What Went Wrong With Capitalism

Bill Bonner, Bonner Private Research

After driving up above 40,000, the Dow closed yesterday at 38,852.

Where will it go from here?

We don’t know. No one does.

Our bet is that the Primary Trend has reversed… from bull to bear… greed to fear… up to down.

Assets, in other words, are likely to be cheaper — in real terms — than they are now.

And when major turning points are hit… the market usually does not revisit its highs (or lows) until the see-saw has completed its stroke in the opposite direction. From major high… to major low — a roundtrip that can take decades; the Dow is not likely to hit a genuine new high — inflation adjusted — until it bounces off a genuine new low.

Currently, adjusting the Dow for inflation would put a new high around 44,000 or 45,000.

In gold terms, the most recent high, recorded in the fall of 2021, had the Dow worth 20 ounces of gold. Returning to that high would mean a Dow of 46,000 today. Anything is possible, but we don’t expect it — not anytime soon.

Mr. Market can do whatever he wants.

Still, it’s best for us to think that he’s following the pattern of the past. Otherwise, we’re totally lost…  And even if we turn out to be wrong, it’s still probably best to stick with the program.  You might miss a little upside, but you will more likely dodge a lot of downside….including the Big Loss that we want to avoid.

Soft Slush

Meanwhile… we turn to the Financial Times, the “pink paper.” It is always fun to read, reliably wrong on just about everything. Its columnists are often pompous or silly. Their opinions are sometimes pathetically shallow. And the paper’s point of view is anchored in ‘dirigisme,’ the soft slush of central planning, which Friedrich Hayek showed, convincingly, doesn’t work.

But the FT is the newspaper you find in government offices, think tanks, embassies and corporate headquarters all over the planet. Its chief economic commentator, Martin Wolf, is widely regarded as one of the world’s most important thinkers. He was called ‘the world’s preeminent financial journalist’ by Lawrence Summers. Even Paul Krugman had nice things to say about him.

Which makes us wonder about how much thinking actually goes on in the world.

What we expect from the FT is educated, smart drivel. But, this past weekend brought a shock. An essay in the paper, written by Rushir Sharma of Rockefeller International, was amazingly sharp and clear. (His analysis of what is going on in the U.S. economy agrees with our own.)

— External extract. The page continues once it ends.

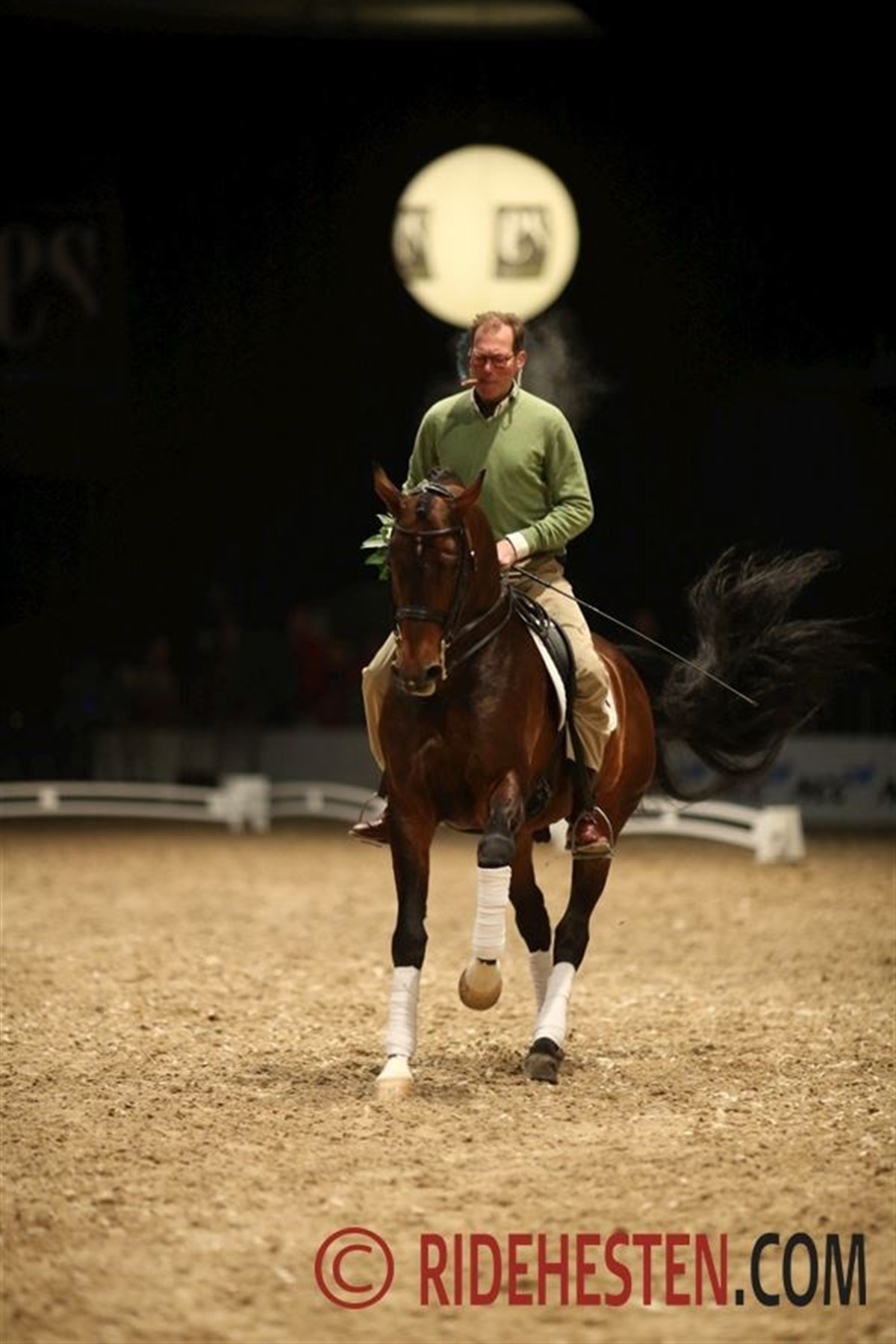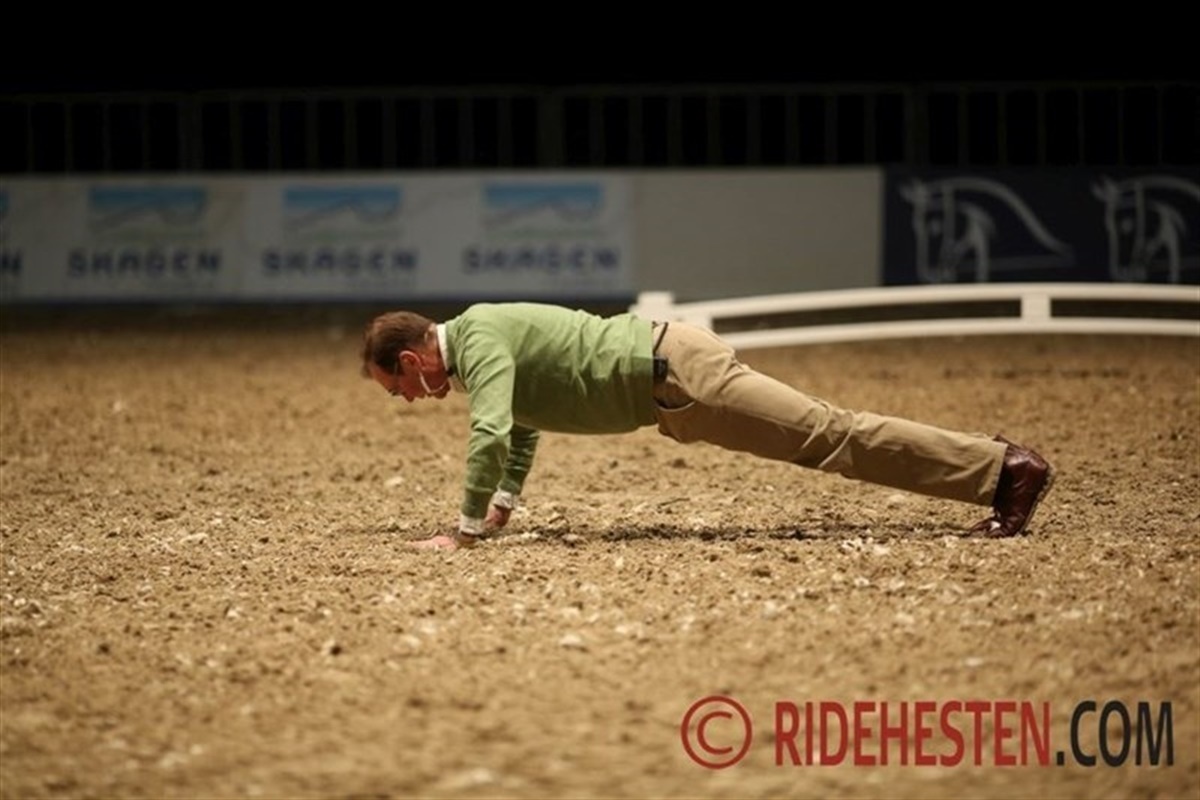 Kort efter pausen lod Hoffmann sig falde til jorden og lavede en serie armstræk – med det formål at vise hvordan hesten skal få styrke nok til at kunne skubbe rytteren op og ned. Få minutter senere luskede der sig en skimmel ind i hallen. På ryggen af den sad Christian Schou, som Hoffmann bad om at vise alle dressurrytterne, hvordan man med tydelig indvirkning kan hjælpe sin hest. Til slut var det så Hoffmann selv, der sprang i sadlen på den kårede hingst Onassis og med cigar – tændt, vel at mærke – i mundvigen tog et par runder til et bragende bifald.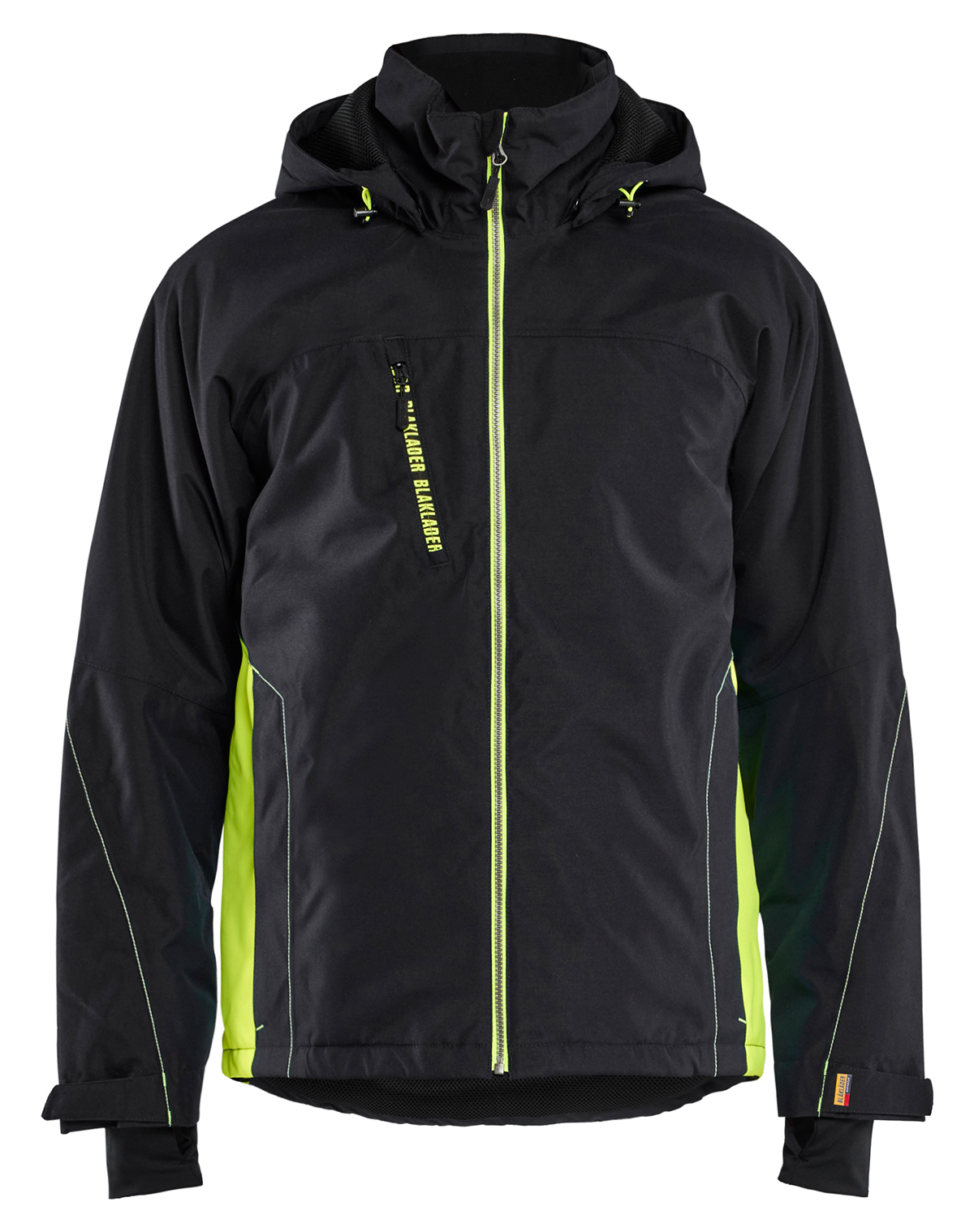 Optional kann eine Kapuze ergänzt werden. Je nach Bedarf stehen Modelle mit leichtem Steppfutter oder Mesh-Futter zur Verfügung. Beide lassen sich per Druckknopf befestigen. Für Einsatzbereiche ohne Sichtbarkeits-Anforderungen – etwa Werkstätten oder Hallenbereiche – ist die Jacke auch ohne Warnschutz erhältlich (Modell 4890). Damit passt sie in betriebliche Bekleidungs-Systeme, die sowohl Innen- als auch Außeneinsätze abdecken müssen.

Sharma’s blade slices so deeply into FT positions (going back decades) that we wondered if Mr. Wolf had actually read it before putting it in the paper. Maybe he’s on vacation? But there it was, improbably, on the cover of the STYLE section… with a misleading title. Still, it is amazing they ran it at all.

Too Much Government

“What went wrong with capitalism,” is the headline. FT regular readers must have perked up… like hounds sniffing a rabbit’s scent. They expected the usual claptrap about how the rich got richer and the climate got hotter thanks to the unrelenting greed of capitalists. This critique would inevitably be followed by earnest recommendations, that the government should do this… or do that… to correct the problems.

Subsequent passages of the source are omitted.